• _Problem details_
When you return the data, keep every line exactly as it is and leave out the pictures.

Provided data Start Marker

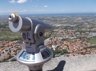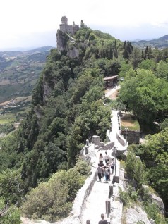 A gelatto refreshes our waiting in wealthy Rimini and soon, the low-floored bus takes my friends and I through a motorway which rises from the warm coast and soars through viaducts of spectacular height. As the altitude increases, a modest sign indicates the border between Italy and San Marino, the road turning onto his side revealing precipitous cliffs crowned by titanic stone walls.
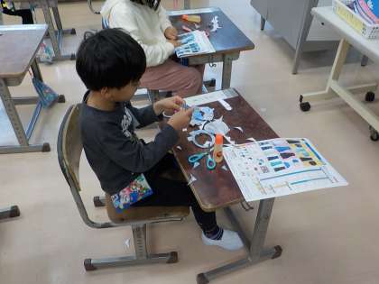 1年生は図工科で、はさみを使って様々な形を切り抜く活動に取り組みました。切り抜いた形をもとに想像を膨らませました。
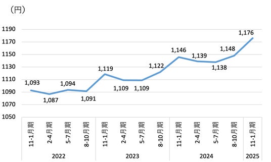 ・2025年1Q(2024年11月-2025年1月期)の三大都市圏のスポットワーク平均時給は1,176円(前年同期比+2.6%)
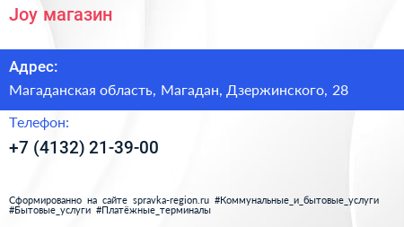 Joy, магазин по адресу Магаданская область, Магадан, Дзержинского, 28 в дальнейшем Организация, размещена в следующих категориях:

Provided data End Marker

• _Reply to the task_
 A gelatto refreshes our waiting in wealthy Rimini and soon, the low-floored bus takes my friends and I through a motorway which rises from the warm coast and soars through viaducts of spectacular height. As the altitude increases, a modest sign indicates the border between Italy and San Marino, the road turning onto his side revealing precipitous cliffs crowned by titanic stone walls.
 1年生は図工科で、はさみを使って様々な形を切り抜く活動に取り組みました。切り抜いた形をもとに想像を膨らませました。
 ・2025年1Q(2024年11月-2025年1月期)の三大都市圏のスポットワーク平均時給は1,176円(前年同期比+2.6%)
 Joy, магазин по адресу Магаданская область, Магадан, Дзержинского, 28 в дальнейшем Организация, размещена в следующих категориях:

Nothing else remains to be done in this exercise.